* _EXERCISE AIM_
Every record below should be printed again exactly, with its pictures removed.

* _TASK INPUT_
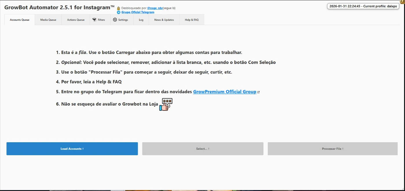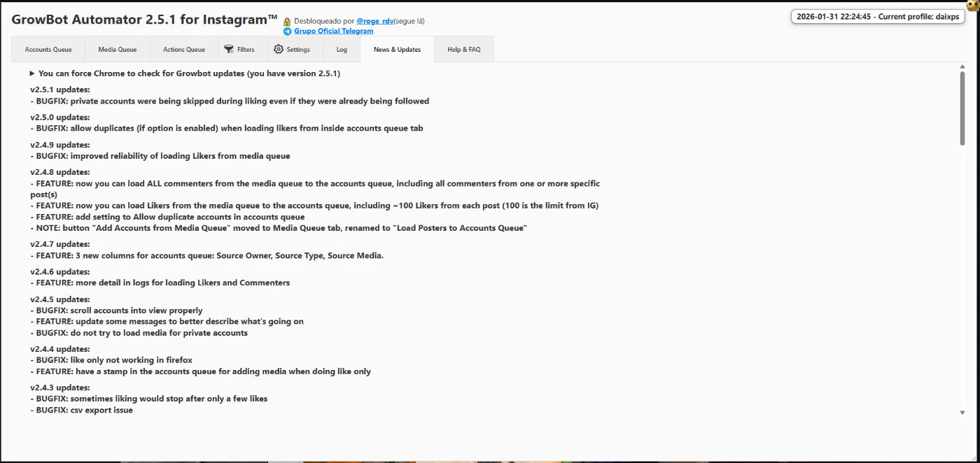 🚀 GrowBot Automator para Instagram™ - Versão 2.5.1 (2026)
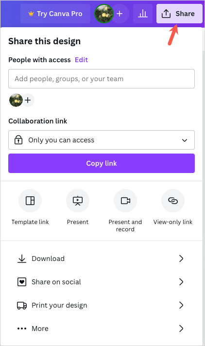 Canva Vizyon Kurulu'nu kaydedin veya paylaşın
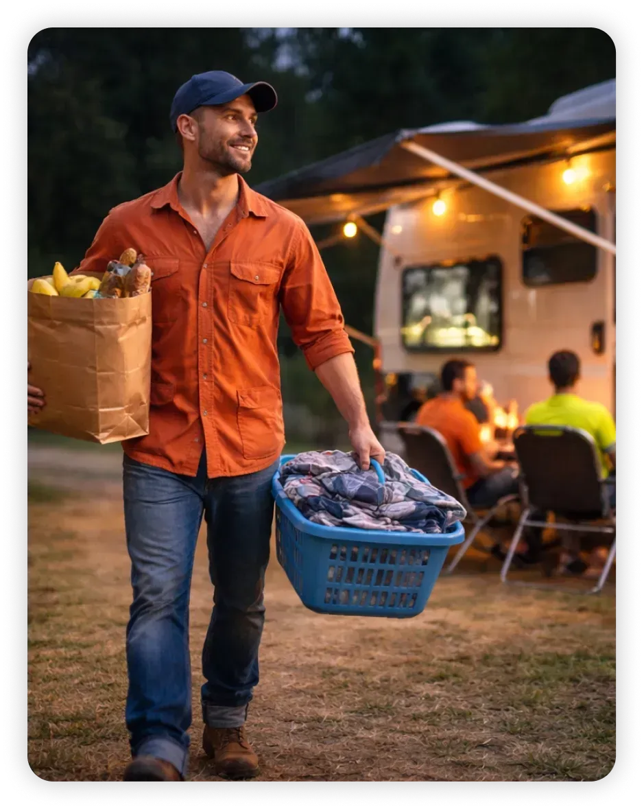 especially for an extended stay workforce: with grocery store, laundry mat and checks cashed on-site so you can rest easy.
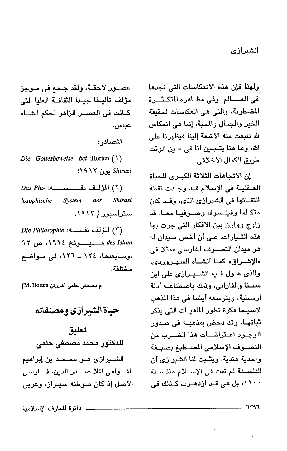 (2) المؤلف نفسه: Das philosophische System des Shirazi ستراسبورغ 1913.
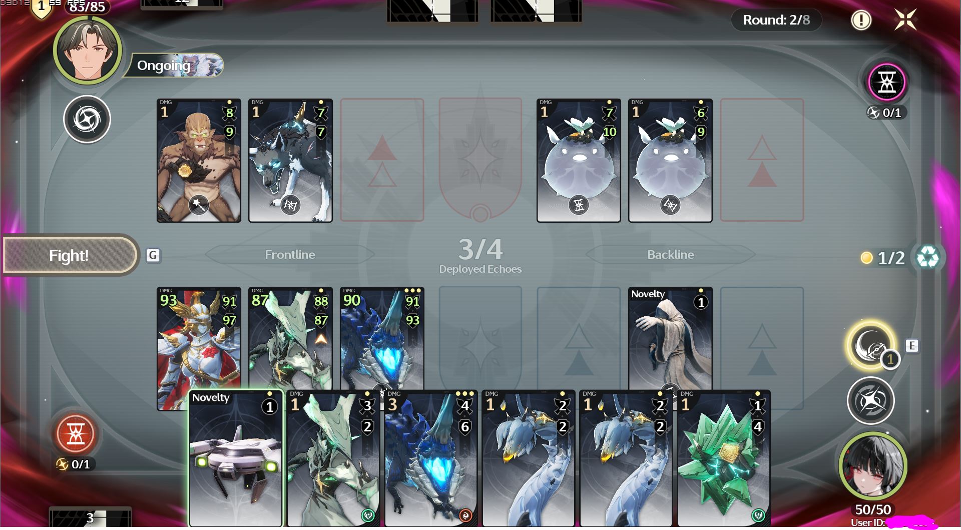 >>553208671placing cards on field or activating a card consumes 1 energyDMG value on top left is how much it does to the opponent after it is left on field during won rounds and value on uppermost right is how much it does on opposing echo, value below that is how tanky it is. You need to prioritize energy and card economy, the more energy you got, the more actions you can do.
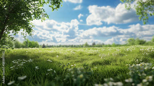 lush, green, meadow, bright, sunny, sky, background, nature, landscape, serene, peaceful, vibrant, outdoors, fresh, natural, scenic, open space, spring, field, countryside, calm, beauty, daylight, summer, tree
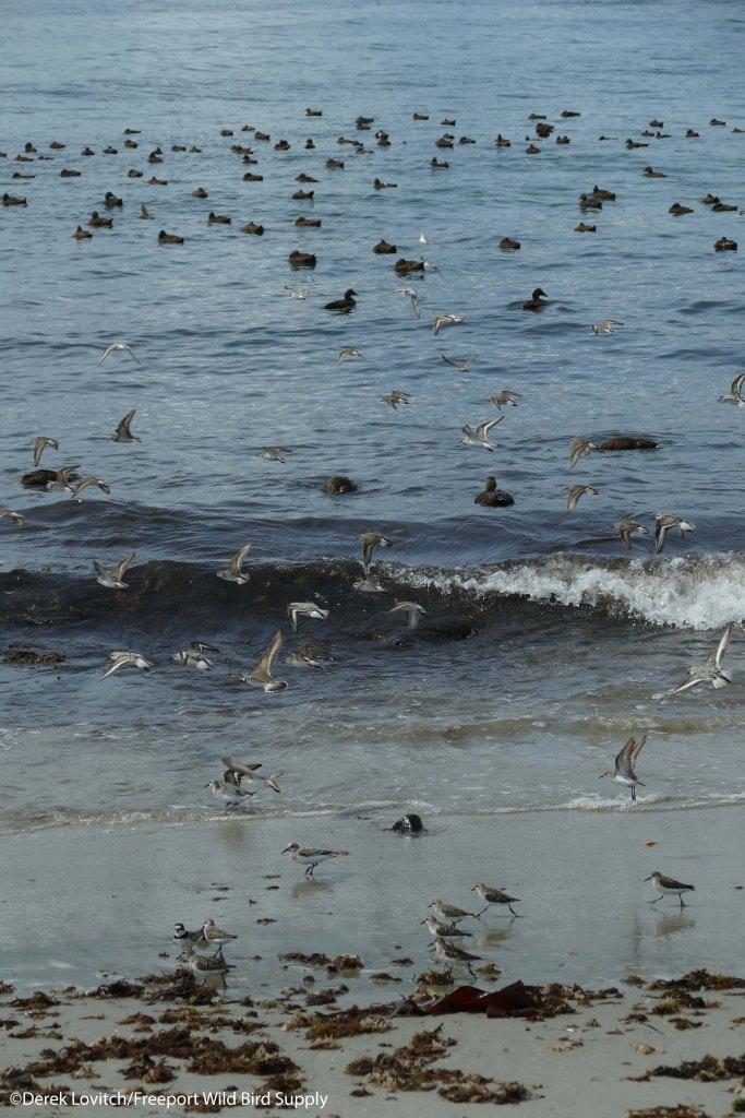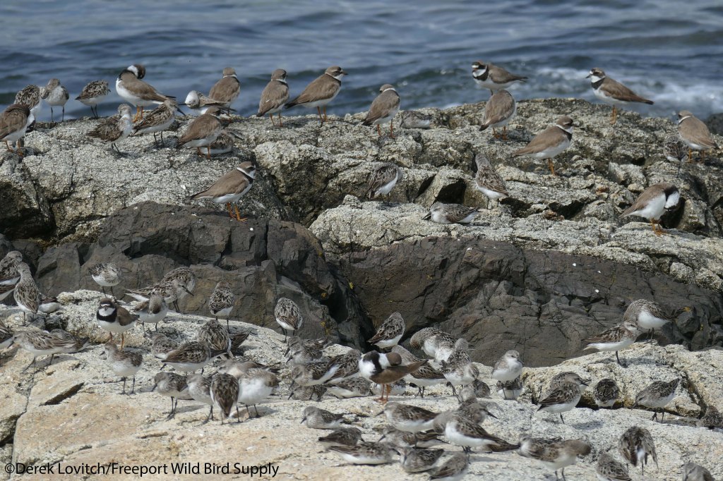 Semipalmated Plovers and Semipalmated Sandpipers waiting out the high tide off of Biddeford Pool Beach on 8/20.

* _RESULT_
 🚀 GrowBot Automator para Instagram™ - Versão 2.5.1 (2026)
 Canva Vizyon Kurulu'nu kaydedin veya paylaşın
 especially for an extended stay workforce: with grocery store, laundry mat and checks cashed on-site so you can rest easy.
 (2) المؤلف نفسه: Das philosophische System des Shirazi ستراسبورغ 1913.
 >>553208671placing cards on field or activating a card consumes 1 energyDMG value on top left is how much it does to the opponent after it is left on field during won rounds and value on uppermost right is how much it does on opposing echo, value below that is how tanky it is. You need to prioritize energy and card economy, the more energy you got, the more actions you can do.
 lush, green, meadow, bright, sunny, sky, background, nature, landscape, serene, peaceful, vibrant, outdoors, fresh, natural, scenic, open space, spring, field, countryside, calm, beauty, daylight, summer, tree
 Semipalmated Plovers and Semipalmated Sandpipers waiting out the high tide off of Biddeford Pool Beach on 8/20.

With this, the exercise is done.